Classification & Billboard 100
Predicting Hit Songs using Machine Learning Classification
In my supervised machine learning project as part of the Metis Data Science Bootcamp I built a classification model to predict whether a song will be a hit based on its audio features.
Introduction
A hit song can make an artist’s career, and make millions for record labels. While hit songs have certain tropes, such as upbeat and catchy, not all songs that fit this bill go viral.

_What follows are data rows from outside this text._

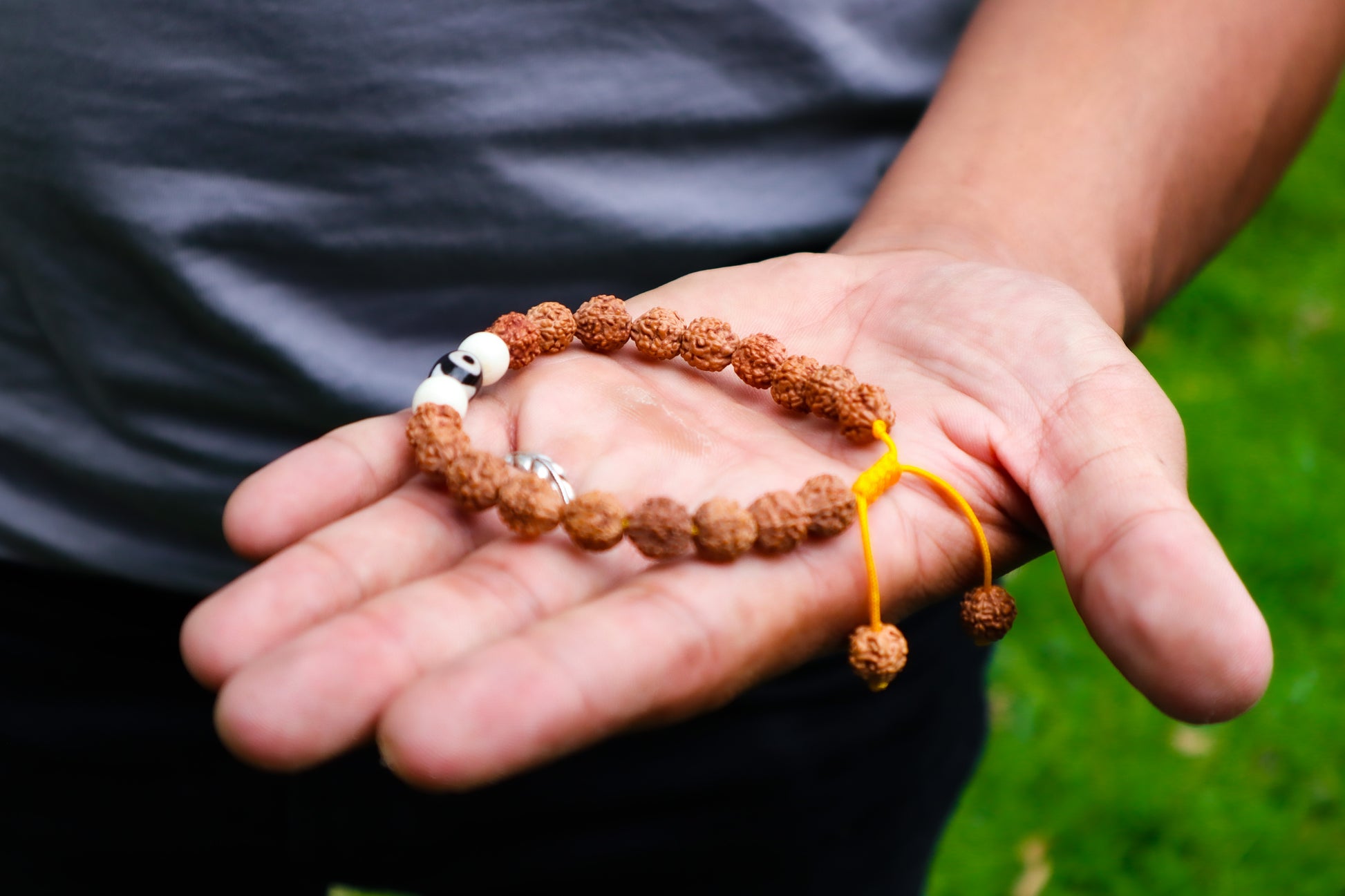 1. Hold the mala with the long knot at the top. Use thumb and forefinger from each hand to hold beads on either side of the knot (left hand holds the bead on the eft, right hand holds the bead on the right).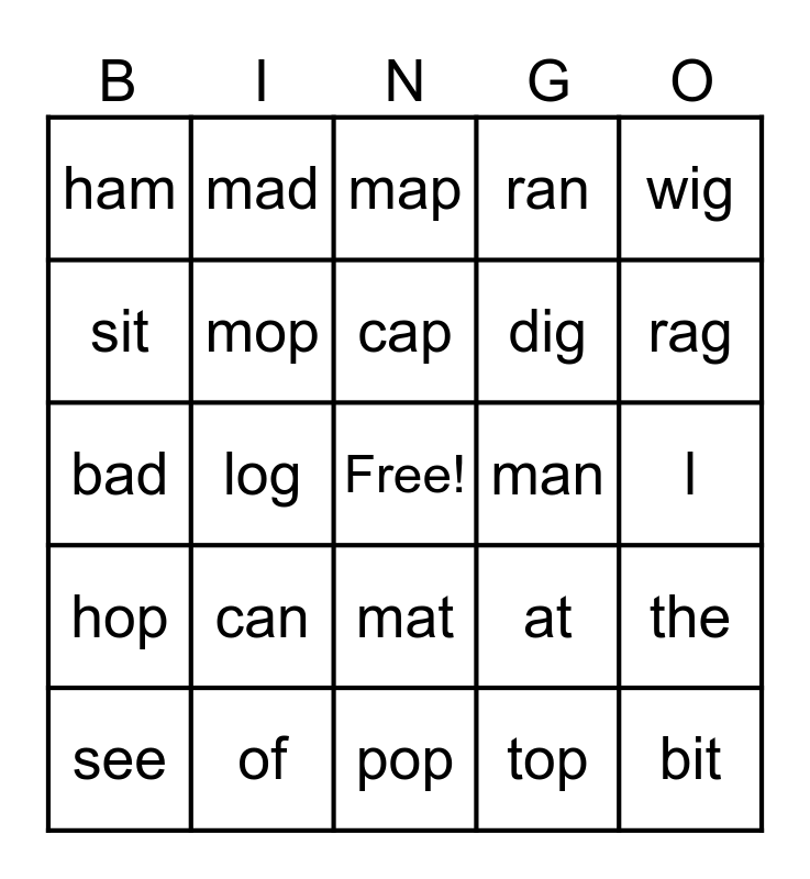 This bingo card has a free space and 49 words: cat, bit, sad, pop, can, fox, mad, ram, sit, on, mop, ran, the, at, it, is, cap, man, bid, wig, log, top, ham, dig, big, rag, see, fit, mat, hop, hit, fat, rat, hot, of, tap, big, bag, l, a, cop, him, fig, pot, bad, map, mom, dad and lit.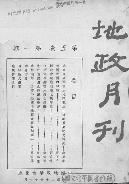 | 网盘路径:/时光图书馆珍藏系列/书籍文件/老图书/《地政月刊第五卷第一期》电子版合集.db | ||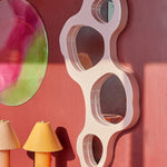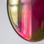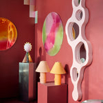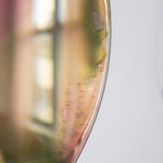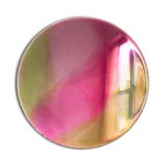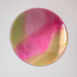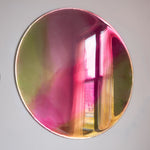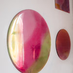 These functional art pieces build a color story through multiple layers of translucent tinted resin over a mirrored glass base. Throughout the day as the light changes, their vibrant hues shift in color and tone - kaleidoscopic portals offering new perspectives each time you view them. Courtney considers this her signature series and has been developing the technique for over two years.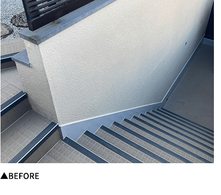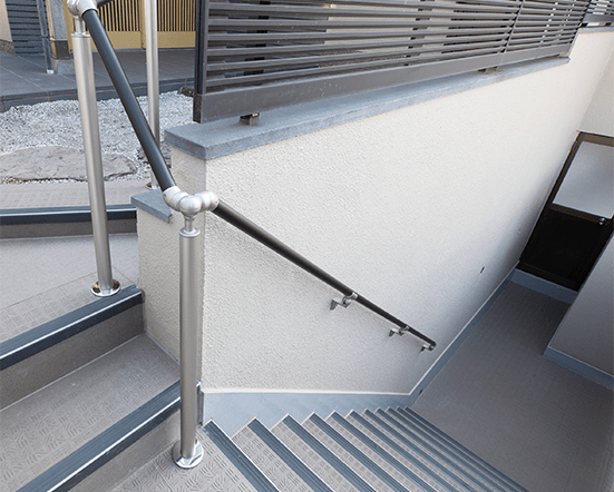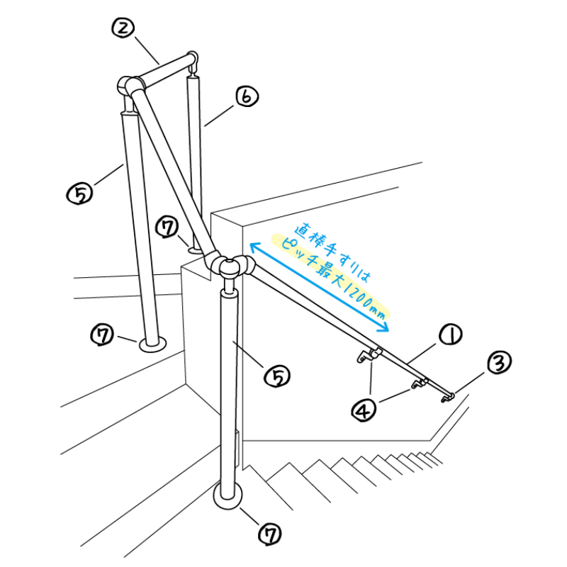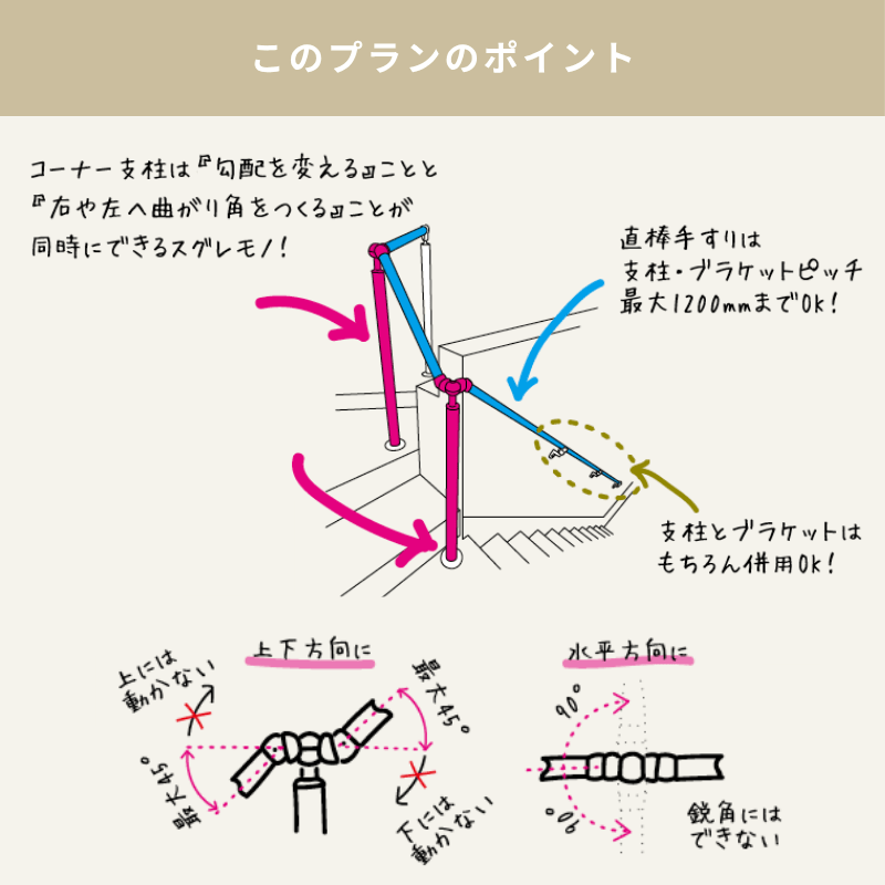 コーナー支柱2本でまわり階段の内側に手すりを連続。

The goal of this project is to use machine learning classification to predict whether a song will be a hit depending on its audio characteristics. With a data-driven approach to evaluating a song, record labels and artists will be better equipped in their music production moving forward.
Design
To predict whether a song will be a hit, numerous audio features will be explored. The correlation between the features and whether a song is a hit, as well as the correlation between each other for potential feature engineering, should be considered.
After data cleaning, feature engineering, and data manipulation, I split the data into training and test sets, and tested five different models: logistic regression, decision trees, random forests, ADA Boost, and XG Boost. I modeled based on the training set and judged the efficacy of the models on the test data. I also tuned the hyperparameters of the models via GridSearchCV and tuned the probability threshold via predict_proba in Sklearn.
The main metrics I used to judge the models are F1 score and ROC-AUC. Given the costs associated with producing and marketing music, it is very important that there are few false positives. That said, it is also important to not miss out on a golden opportunity, making precision important as well. For this reason, I will use F1, as this incorporates both precision and recall for a more holistic view of model performance. In addition, ROC-AUC does a great job of measuring how effective a model is in finding hits while simultaneously avoiding false positives.
Data
This Kaggle Dataset contains data on over 34,000 songs extracted from Spotify, dating back to 1985. Luckily, the dataset used was already curated and cleaned. Out of the 34,000+ data points, half were non-hits, and the other half were hit songs. (A song qualifies as a hit if it ever appeared on the Billboard 100 or Spotify 100 list.)
Further information on the fields can be found on the Spotify for Developers website.
Algorithm
Based on the above correlation matrix and pairplot, I was able to discern patterns and trends. Using these, I simplified the model by taking in the ones most relevant to its hit status as well as feature-engineering new variables that account for trends observed. Right off the bat, I was very surprised to see that the “danceability” variable had minimal effect on whether or not a song is a hit.
Variable Selection
- After analyzing the correlation matrix and pairplots of the dataset and its interaction with the target variable, I narrowed down the variables to 7 baseline variables and 3 feature-engineered variables. The baseline variables are as follows:
- Duration of the track in minutes
- Energy, ranging from 0 to 1.0, which measures intensity and activity
- Acousticness, ranging from 0 to 1.0, which measures how acoustic the track is
- Instrumentalness, ranging from 0 to 1.0, where values closer to 0 are more vocal and values closer to 1.0 are more instrumental. For example, rap music will typically be on the lower end of the scale while classical music will typically be on the higher end of the scale.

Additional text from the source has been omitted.